Репертуар театра «Новая опера» обогатился шедевром эпохи бельканто – оперой Гаэтано Доницетти «Любовный напиток». Сочинения достойно исполнили солисты и оркестр театра (дирижер Эри Клас), а спектакль получился веселым и ярким (художник Вячеслав Окунев). Только вот не тема любовного напитка волновала создателей спектакля. Режиссер Юрий Александров, автор постановки, предложил зрителям сакраментальный вопрос: каким должен быть оперный театр сегодня? Сам он считает, что оперный театр должен быть апологетом красоты. Эта позиция и стала коренной в его новой (в творческом багаже режиссера уже третьей) постановке «Любовного напитка». Предлагая зрителю сделать свой выбор, Александров имеет в виду некую «войну подходов» к опере, сражения на полях которой, по мнению режиссера, охватили Москву. Так, «Любовный напиток», знаменитая опера, где в комической манере обыгрывается идея волшебного зелья из легенды о Тристане и Изольде, решена в двух сценических аспектах. Первый из них (начало и счастливый финал) призван, как считает сам Александров, изобразить «театр, живущий по законам красоты, немножко старомодный, но потрясающе яркий и вдохновляющий». На деле это выражается в том, что в помпезных, почти сталинских интерьерах с зеркальным куполом разворачивается что-то вроде богатого венецианского карнавала: хор в роскошных дорогущих костюмах, Адина (Ольга Мирошникова) и вовсе выезжает в какой-то немыслимой сверкающей карете, напоминающей бронетранспортер. От всего этого блеска начинает сводить зубы уже на третьей минуте. Спасибо лекарю-шарлатану Дулькамаре (Олег Диденко), который выходит из зала и прекращает все это безобразие со словами: «Что за чушь!»

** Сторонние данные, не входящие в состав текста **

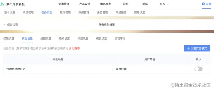 - 项目中任务类型与安全级别的配置

Дальше место действия кардинально меняется. И тут мы уже имеем дело со вторым режиссерским аспектом – «жизнь – примитивная и однообразная, вторгающаяся в эту красоту» – в виде обшарпанного двора, кишащего всяким сбродом: пьяницами, девицами поведения легкого и не очень. С играющим патефоном и криками «рыба!», разумеется. И действие, соответственно, разворачивается по примитивным законам жизни. Влюбленный в Адину Неморино (Михаил Губский) напился «любовного напитка» (или известного сорокаградусного зелья). Адина рассердилась и предпочла другого. За еще один глоток «нектара любви» Неморино сдался в рекруты сопернику Белькоре (Илья Кузьмин). Происходящие на сцене перипетии больше всего напоминают веселый советский капустник на злободневную тему.

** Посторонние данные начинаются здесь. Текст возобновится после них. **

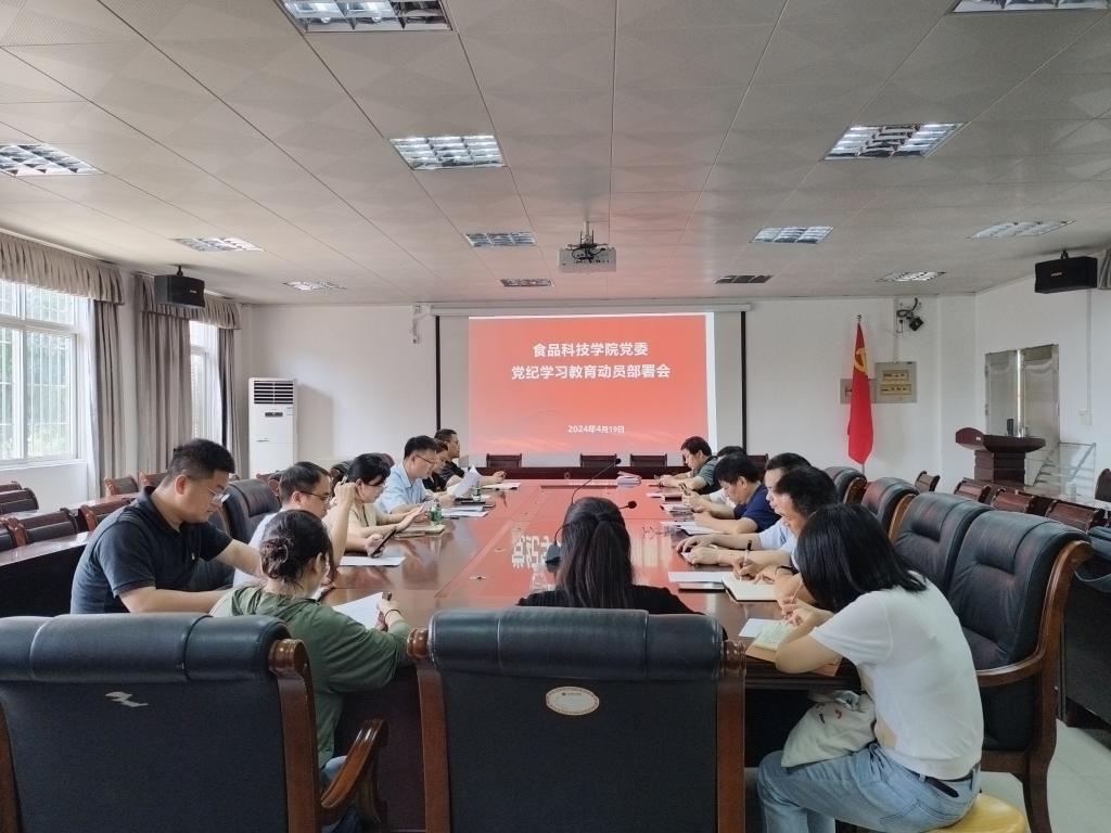 4月19日,食品科技学院党委召开党纪学习教育动员部署会,学院党委书记伍彬主持会议并作了动员讲话,学院领导班子成员、党支部书记、团委书记和组织员参加了会议。

Для смысловой кульминации режиссер выбрал один из самых прекрасных моментов оперы – романс Неморино, лирично и проникновенно исполненный Михаилом Губским. Гениальная музыка Доницетти при этом звучала из уст┘ мужика в ватнике и ушанке. А на заднем плане, как тени чего-то недоступного и очень красивого (словно из другой оперы), кружились карнавальные персонажи. По мере продвижения к развязке, когда Адина разобралась в чувствах, а Белькоре проявил благородство и позволил ей выкупить контракт Неморино, сцена мало-помалу наполняется «масками», и в финальном хоре блеск и великолепие поглощают убогость и примитив.
Выбор режиссера Александрова очевиден: красивый и яркий театр ему ближе, чем псевдорежиссерские находки в примитивных ассоциациях с бытовыми реалиями. Так что свою задачу он, казалось бы, выполнил. Но выиграла ли от этого опера, милая, трогательная история о любви с по-настоящему красивой мелодичной музыкой? Как раз музыка оказалась здесь, к сожалению, на последнем плане (вспомним романс Неморино), все наивные комические ситуации опошлились бытовухой (вплоть до того, что один из дуэтов Адины и Белькоре с русским текстом больше всего походил на частушки с соответствующим содержанием), а волшебный любовный напиток и вовсе превратился в стакан водки.
Неизвестно, предусматривает ли замысел Юрия Александрова три варианта ответа, но музыкальный обозреватель «НГ» ставит галочку в графе «против обоих кандидатов» и выбирает живой, а не условный оперный театр, осмысленный, и прежде всего обусловленные музыкой новации.